The good news for McDonald’s is that roughly 70 percent of its revenues come via the drive-thru, according to some industry observers. This means the chain remains uniquely positioned to weather this period that emphasizes drive-thru, curbside delivery and traditional delivery or, as McDonald’s refers to it “McDelivery.”

Many state and local governments continue to turn the lights out on restaurant dining rooms one market at a time, while some restaurant operators do so on their own. Either way, the many chains darkening their dining areas and shifting their focus to off-premises consumption in the form of app ordering, curbside delivery and delivery directly to customers continues to grow.

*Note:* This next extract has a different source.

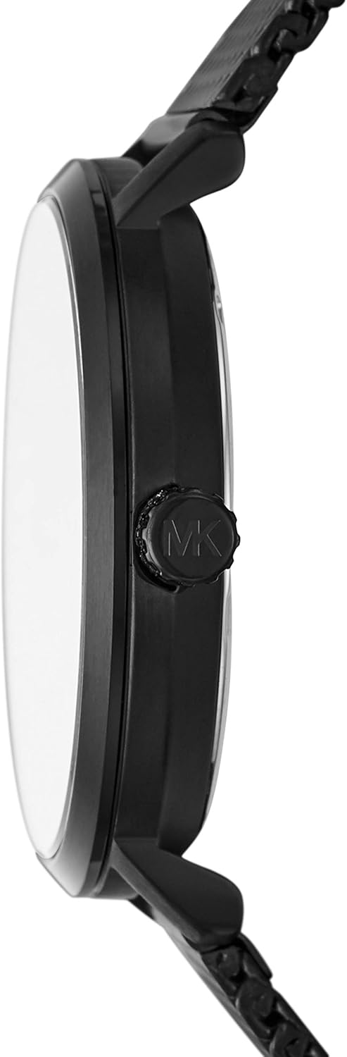 Michael Kors' Blake 42mm watch features a Black sunray dial with stick indexes three-hand Movement, Black IP Stainless Steel case case and Black stainless steel mesh bracelet 42mm case, 20mm band width, mineral crystal, Quartz movement with multifunction analog display, imported Round stainless steel case, with a Black dial Black, stainless steel bracelet Water resistant up to 50m: Wearable while swimming in shallow water

Dickey’s Barbecue Pit now offers curbside pick-up at its locations across the U.S. This is available for customers who order via Dickey’s website or its app from participating locations. One of the largest barbecue chains in the country, Dickey’s entered the fast lane that is delivery game back in 2017. Zaxby’s also went to a drive-thru only style of service, while Barberitos allows customers to request delivery or pickup their orders curbside.

While the restaurant industry sees delivery as an important element in weathering this economic storm, the challenges may be greater than initially realized. One cause for concern, customers’ low adoption rates of third-party, particularly those in older demographics. Only 4% of all consumers 18-24 years old placed a third-party delivery order the week ending March 6 and the percentage was less than 1% for those 55 and older, per data from Black Box Consumer Intelligence. In other words, it’s not just operators that have to change their approach for this to work. Consumers need to as well.

Another chain that reports the majority of the transactions at its restaurants being of the carry out variety is Dunkin’. In addition to closing its dining rooms, Dunkin’ plans to have franchisees immediately remove tables and chairs from all restaurants and outdoor patios to prevent the congregation of customers and reduce hours of operations to provide relief to restaurant employees and to allow extra time for deep cleaning and sanitation processes in the evening. Like other chains, Dunkin’ also plans to encourage customers to order via its app and will even look to expand curbside service using its app at select restaurants. Franchisees are also being given the option to temporarily close some locations in markets where there are other Dunkin’ restaurants nearby.

The transition to these forms of service seems to be unfolding in a relatively orderly fashion. That’s likely due, in part, to the fact that roughly 60% of restaurant companies had already established contingency plans as early as March 13, per data from Black Box Intelligence. One challenge this crisis continues to amplify for operators centers on labor. Already a concern on many fronts prior to the chaos caused by COVID-19, operators continue to report staffing difficulties as a result of the outbreak, per Black Box Intelligence. And about one-third of restaurants were already experiencing staffing shortages as of March 14.